'''

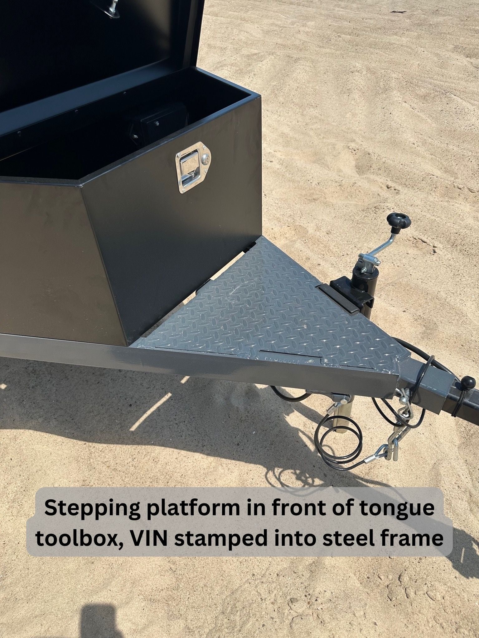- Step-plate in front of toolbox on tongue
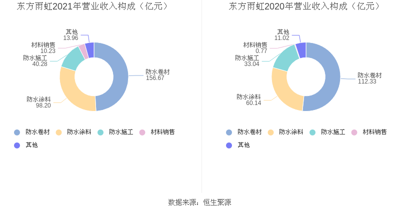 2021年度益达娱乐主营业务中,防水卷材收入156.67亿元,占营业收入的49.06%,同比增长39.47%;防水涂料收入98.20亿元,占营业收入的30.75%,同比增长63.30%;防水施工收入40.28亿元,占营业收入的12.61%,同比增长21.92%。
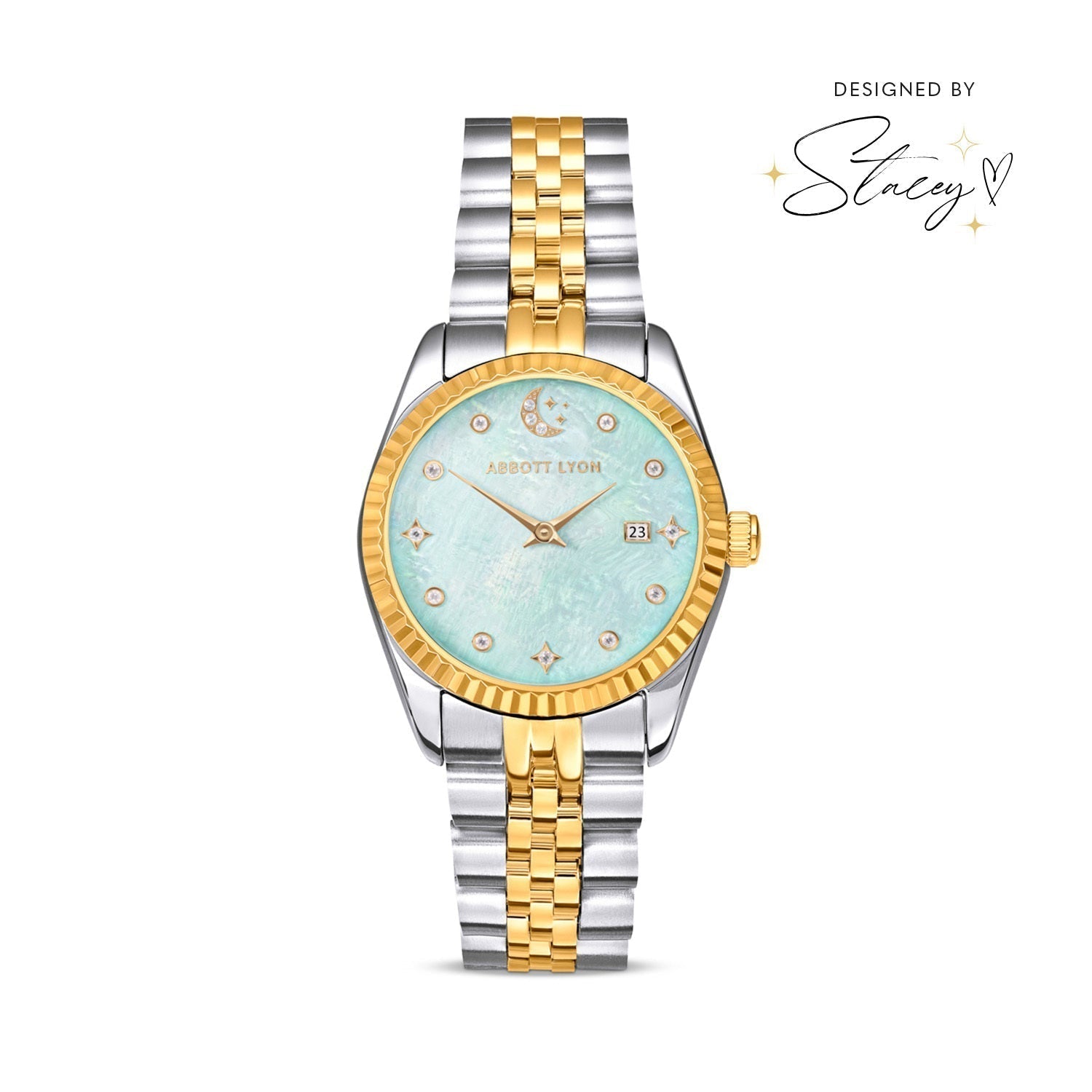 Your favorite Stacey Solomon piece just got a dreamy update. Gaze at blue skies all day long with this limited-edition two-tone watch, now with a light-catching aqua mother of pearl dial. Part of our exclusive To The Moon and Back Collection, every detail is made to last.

'''
'''

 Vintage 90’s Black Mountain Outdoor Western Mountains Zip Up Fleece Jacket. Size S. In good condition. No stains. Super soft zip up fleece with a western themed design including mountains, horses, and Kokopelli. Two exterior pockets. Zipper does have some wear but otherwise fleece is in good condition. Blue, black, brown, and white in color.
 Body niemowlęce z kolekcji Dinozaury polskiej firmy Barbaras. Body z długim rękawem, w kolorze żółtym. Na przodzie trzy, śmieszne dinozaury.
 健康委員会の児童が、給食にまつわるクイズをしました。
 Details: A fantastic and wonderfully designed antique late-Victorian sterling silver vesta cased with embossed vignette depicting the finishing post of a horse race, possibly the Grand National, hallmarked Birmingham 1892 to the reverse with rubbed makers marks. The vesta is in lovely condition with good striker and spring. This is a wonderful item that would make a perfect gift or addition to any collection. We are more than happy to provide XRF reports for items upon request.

'''
'''

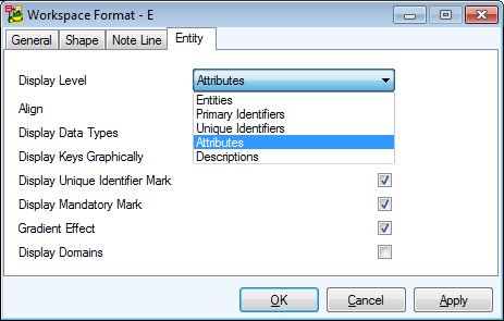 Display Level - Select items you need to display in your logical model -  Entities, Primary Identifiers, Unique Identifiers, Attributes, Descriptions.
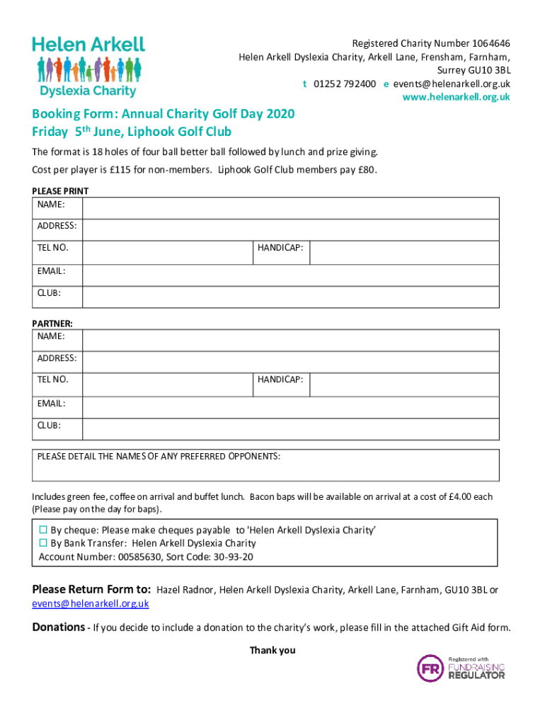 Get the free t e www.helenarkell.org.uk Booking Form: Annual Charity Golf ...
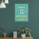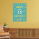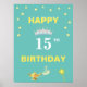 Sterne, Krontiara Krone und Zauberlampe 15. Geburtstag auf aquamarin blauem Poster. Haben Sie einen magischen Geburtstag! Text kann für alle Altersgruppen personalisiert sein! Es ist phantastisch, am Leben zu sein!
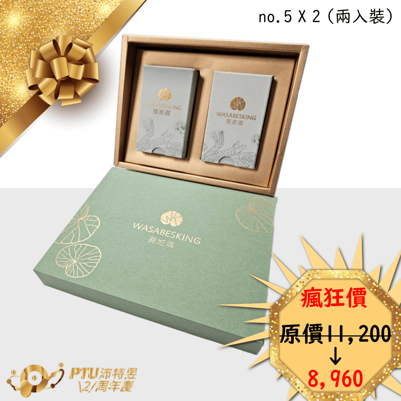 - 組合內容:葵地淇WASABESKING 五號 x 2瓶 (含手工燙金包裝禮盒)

'''

Work order: Could you copy every line from the records that has "condition" in it?

Result of the exercise:
 Vintage 90’s Black Mountain Outdoor Western Mountains Zip Up Fleece Jacket. Size S. In good condition. No stains. Super soft zip up fleece with a western themed design including mountains, horses, and Kokopelli. Two exterior pockets. Zipper does have some wear but otherwise fleece is in good condition. Blue, black, brown, and white in color.
 Details: A fantastic and wonderfully designed antique late-Victorian sterling silver vesta cased with embossed vignette depicting the finishing post of a horse race, possibly the Grand National, hallmarked Birmingham 1892 to the reverse with rubbed makers marks. The vesta is in lovely condition with good striker and spring. This is a wonderful item that would make a perfect gift or addition to any collection. We are more than happy to provide XRF reports for items upon request.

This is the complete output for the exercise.